The competitor is the right answer when the shape fits.
Pick LangChain when a developer-led team wants to build and own one custom agent plus the production layer around it.
LangChain is the right place to build a custom agent. Regisseur is the scaffolding for operating agents inside regulated work.
Pick LangChain when a developer-led team wants to build and own one custom agent plus the production layer around it.
Pick Regisseur when operations leaders need audit, review gates, ceilings, brake, versioning, and multi-system orchestration as configurable primitives.
LangChain is the most important piece of open-source AI infrastructure shipped in the last three years. If your team is building a custom agent, LangChain and its ecosystem (LangGraph, LangSmith) are where you should start. The framework gives a developer a clean way to compose model calls, tool use, memory, and graph-shaped control flow into a working agent. We use LangChain primitives in our own product. Anyone who tells you otherwise is selling you something.
But LangChain is a framework. Regisseur is a platform.
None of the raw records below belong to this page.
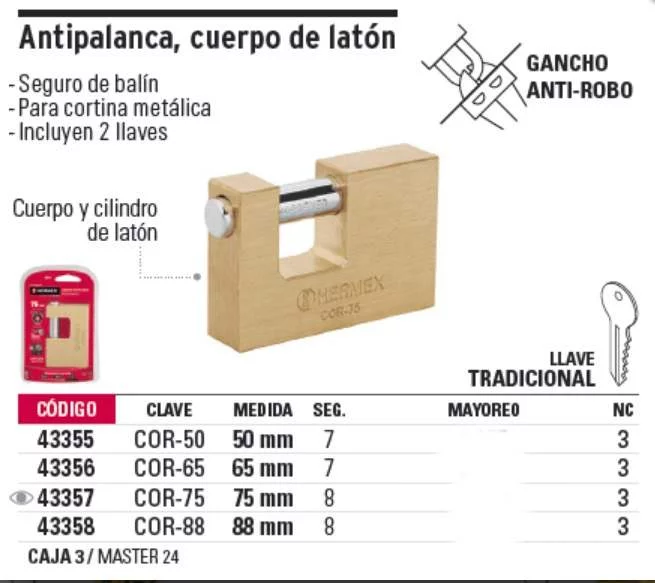 CANDADO ANTIPALANCA. LLAVE TRADICIONAL 88MM COR-88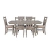 Outfit your dining room with the perfect 7-piece set, ready to fit any large family. This gorgeous collection has a weathered gray finish and neutral tan fabric. Set overtop an x-based frame, its spacious tabletop offers ample food and elbow room to accommodate both large and small dinners. It has a durable rubberwood, MDF and Ash veneer construction that delivers an updated farmhouse vibe. You will feel right at home when you’re gathering with family and friends around this comfortable set. Some assembly required.
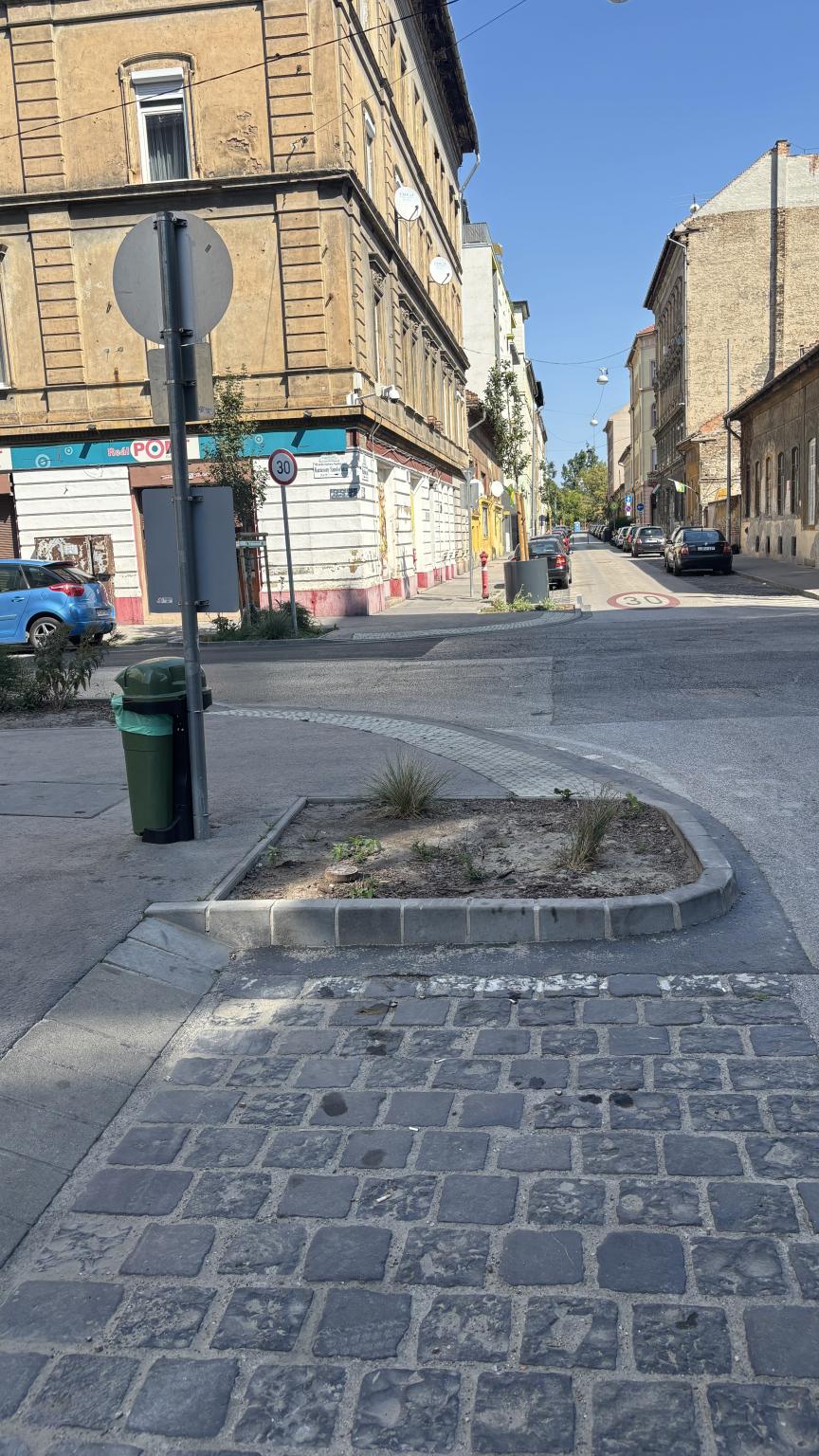 A Magdolna-Lujza sarkon az egyik ágyásból hiányzik a fa. Legyenek szívesek pótolni!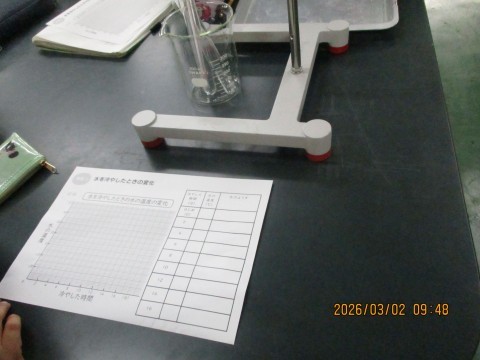 水を冷やしたときの様子と温度の変化を調べました。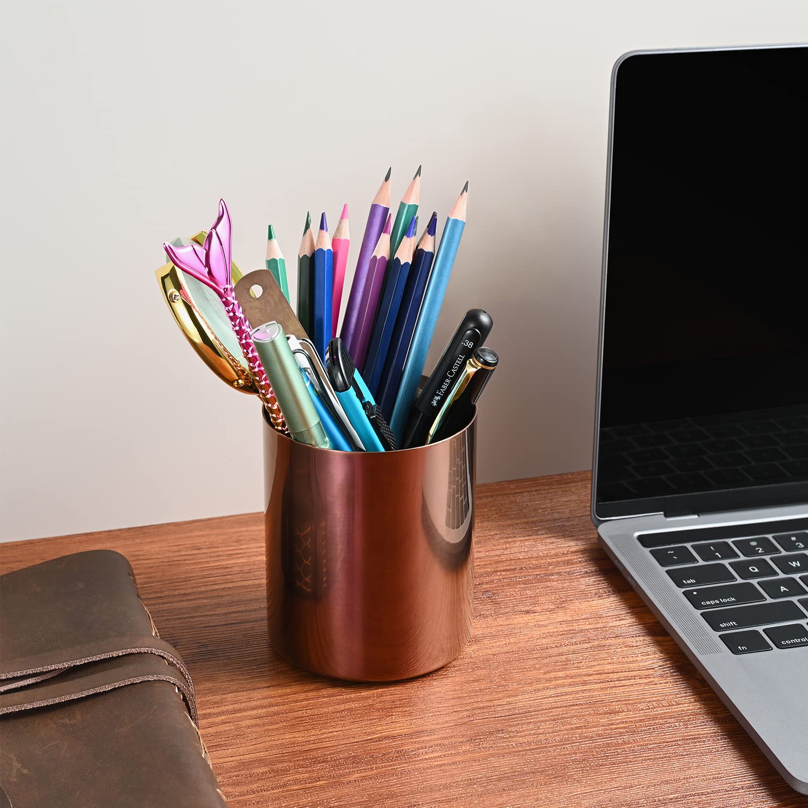 Bidponds Rose Gold Pencil Holder for Desk, Stainless Steel Pencil Cup, Pen Holder Cup, Pen Pot, Vases Flower Pot, Makeup Brush Holder, Desktop Accessory Stationery Organizer

These are different things, and the distinction matters most when a regulated enterprise tries to put an AI agent into production.
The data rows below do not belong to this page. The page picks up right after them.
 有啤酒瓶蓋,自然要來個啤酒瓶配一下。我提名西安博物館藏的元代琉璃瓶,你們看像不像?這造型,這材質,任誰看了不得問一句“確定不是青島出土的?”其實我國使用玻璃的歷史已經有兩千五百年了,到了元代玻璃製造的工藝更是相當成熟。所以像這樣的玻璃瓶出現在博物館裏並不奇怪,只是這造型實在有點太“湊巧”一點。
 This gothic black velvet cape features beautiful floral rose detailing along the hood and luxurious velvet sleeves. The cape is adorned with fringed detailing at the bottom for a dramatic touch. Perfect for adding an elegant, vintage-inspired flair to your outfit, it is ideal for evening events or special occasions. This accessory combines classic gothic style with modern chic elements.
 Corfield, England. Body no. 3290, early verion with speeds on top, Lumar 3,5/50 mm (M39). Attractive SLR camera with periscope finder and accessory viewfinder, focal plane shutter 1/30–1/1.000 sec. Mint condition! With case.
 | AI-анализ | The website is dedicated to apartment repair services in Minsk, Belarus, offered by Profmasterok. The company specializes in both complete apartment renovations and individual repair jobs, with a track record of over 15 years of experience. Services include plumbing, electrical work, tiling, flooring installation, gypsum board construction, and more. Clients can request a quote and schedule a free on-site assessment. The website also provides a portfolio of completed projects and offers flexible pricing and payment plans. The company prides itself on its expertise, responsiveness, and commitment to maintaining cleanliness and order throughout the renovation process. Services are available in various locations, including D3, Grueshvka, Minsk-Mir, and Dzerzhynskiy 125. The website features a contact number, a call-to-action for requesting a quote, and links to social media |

You are a developer-led team. You want to build one custom agent that solves one specific problem. You will own the runtime, the observability, the deployment, the integration with your systems of record, the policy enforcement, the human-in-the-loop UX, the audit trail, the emergency stop, the versioning, the rollback, and every operational concern that turns a working agent in a notebook into a working agent in production. You have the engineering capacity to build all of that.
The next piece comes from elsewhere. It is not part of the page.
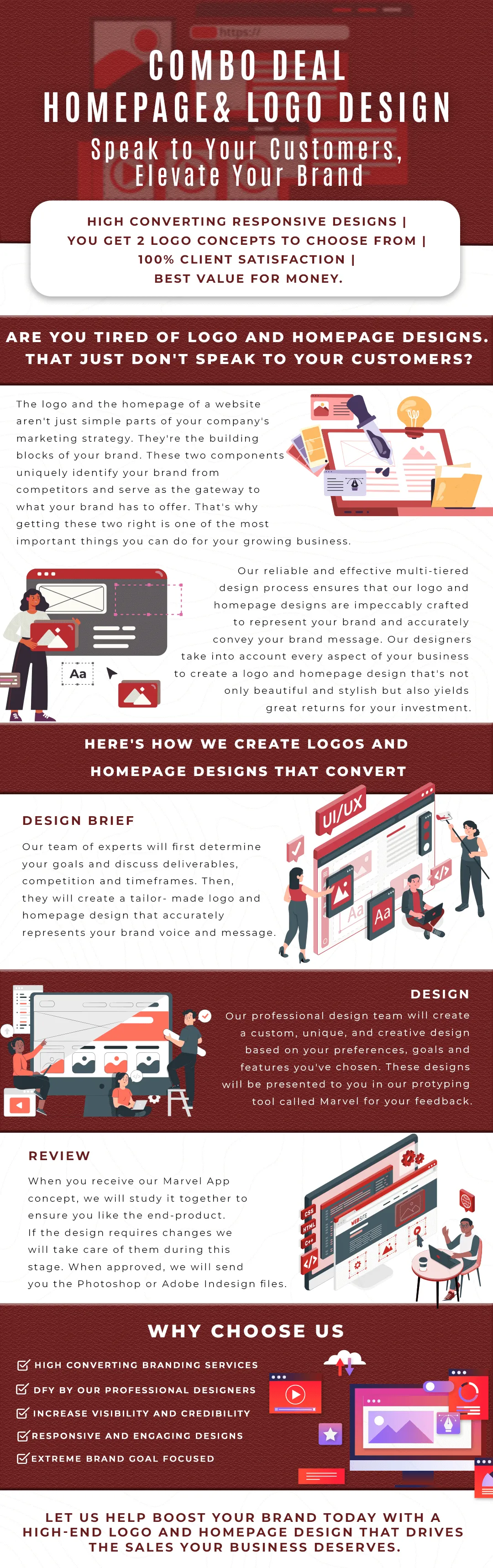 Is your client rebranding? Then this package is a " no brainer"; you get a professionally designed logo plus homepage design. This package also provides your agency with the flexibility to make money even if your client isn't "fully committed" with an A-Z website build. Also, this service is very useful if you're getting into a/b testing funnels or landing pages.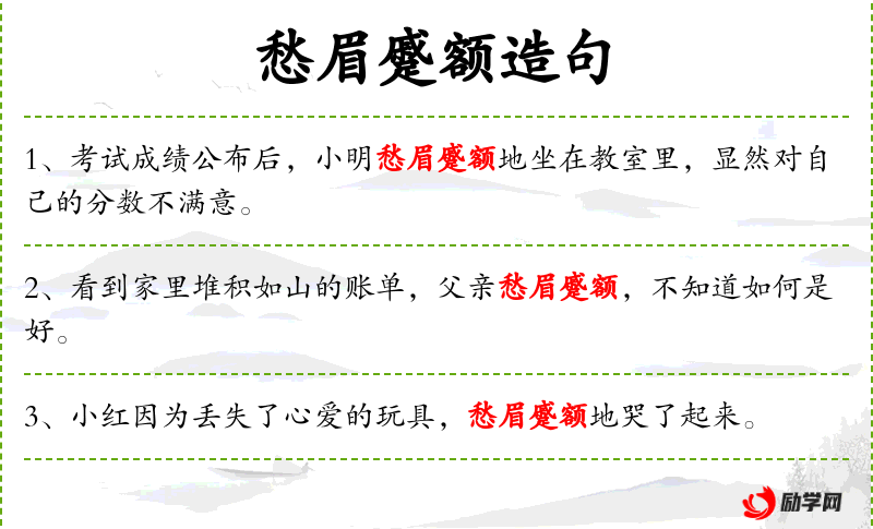 - 谓语:愁眉蹙额,显得非常紧张

If that describes you, pick LangChain. We mean this seriously. It is the right answer for that situation and we will not try to talk you out of it.
You are an operations leader at a regulated enterprise. You need AI agents to handle real work — underwriting cases, claims, access requests, onboarding, incidents — under conditions that include a regulator who can ask you in three years to reconstruct exactly why a decision was made, a Chief Risk Officer who will not approve any system without an emergency brake, a Chief Underwriting Officer who needs humans in the loop on specific decisions and only those, and a CIO who is unwilling to add another developer-owned system to the production stack.
You do not want to build the scaffolding. You want to configure it. You want the audit trail, the autonomy ceiling, the human review gates, the versioning, the emergency brake, the on-premises deployment option, the provider abstractions, and the multi-system orchestration to be primitives, not engineering work.
That is what Regisseur is. The agent is one piece of it. The scaffolding around the agent is the rest.
LangChain composes model calls into agent graphs. That's the level of the framework. To run that agent in production, your team builds — or buys — every layer above:
Regisseur ships all of that as the engine. The agent slots into it.
| Concern | LangChain (with custom production layer) | Regisseur |
|---|---|---|
| Agent composition | Developer-defined graphs and tool calls | Configured agents with versioned roles and contracts |
| Process scaffolding | Built by your engineering team | Built into the engine |
| Audit trail | Tool logs and traces; reconstructibility depends on what you instrumented | Append-only, replayable, regulator-grade, by default |
| Human review gates | Custom UI, custom routing, custom queue | Primitive; configured per process step |
| Autonomy ceilings | Prompt-level or developer-enforced | Engine-level; cannot be exceeded by the agent |
| Versioning | Code-level; you implement | Process and agent versioning as primitives |
| Emergency brake | Build it yourself | One action; workspace-wide |
| Model strategy & evals | Wire any model; the evidence it works is yours to build | Every agent tested across models; the cheapest that still passes is recommended |
| Operator surface | Inbox, review screens, and case record are yours to build | Inbox, reviews, and case record ship as primitives |
| Resilience & recovery | Watchdogs and recovery logic are your code to write | Coordinator watchdog, scored recovery paths, per-job circuit breaker — built in |
| Deployment model | You design the runtime | On-prem capable, providers ledgered, vertical bundles signed |
| Time to first regulated workflow | Engineering project, 4–12 months typical | Configuration, weeks |
| Right buyer | Developer-led team building a custom agent | Operations leader deploying agents in regulated work |
“owning the intellectual property ensures that competitors cannot easily replicate the resulting insights”— McKinsey, “The AI assembly line” (May 2026)
Build a custom agent on a framework and you still rent the production layer from your own backlog. Configure Regisseur and your organization owns the orchestration layer outright — process, agents, ceilings, and audit — as an asset, not a dependency.
If the answer to "who maintains the production layer around the agent in eighteen months when the team that built it has moved on" is "another team we have not hired yet," you are buying a future operational problem with LangChain alone. That is not a knock on the framework. It is a knock on the assumption that the framework is the whole answer.
Regisseur was built for the situation where the operating layer has to outlast the team that configured it.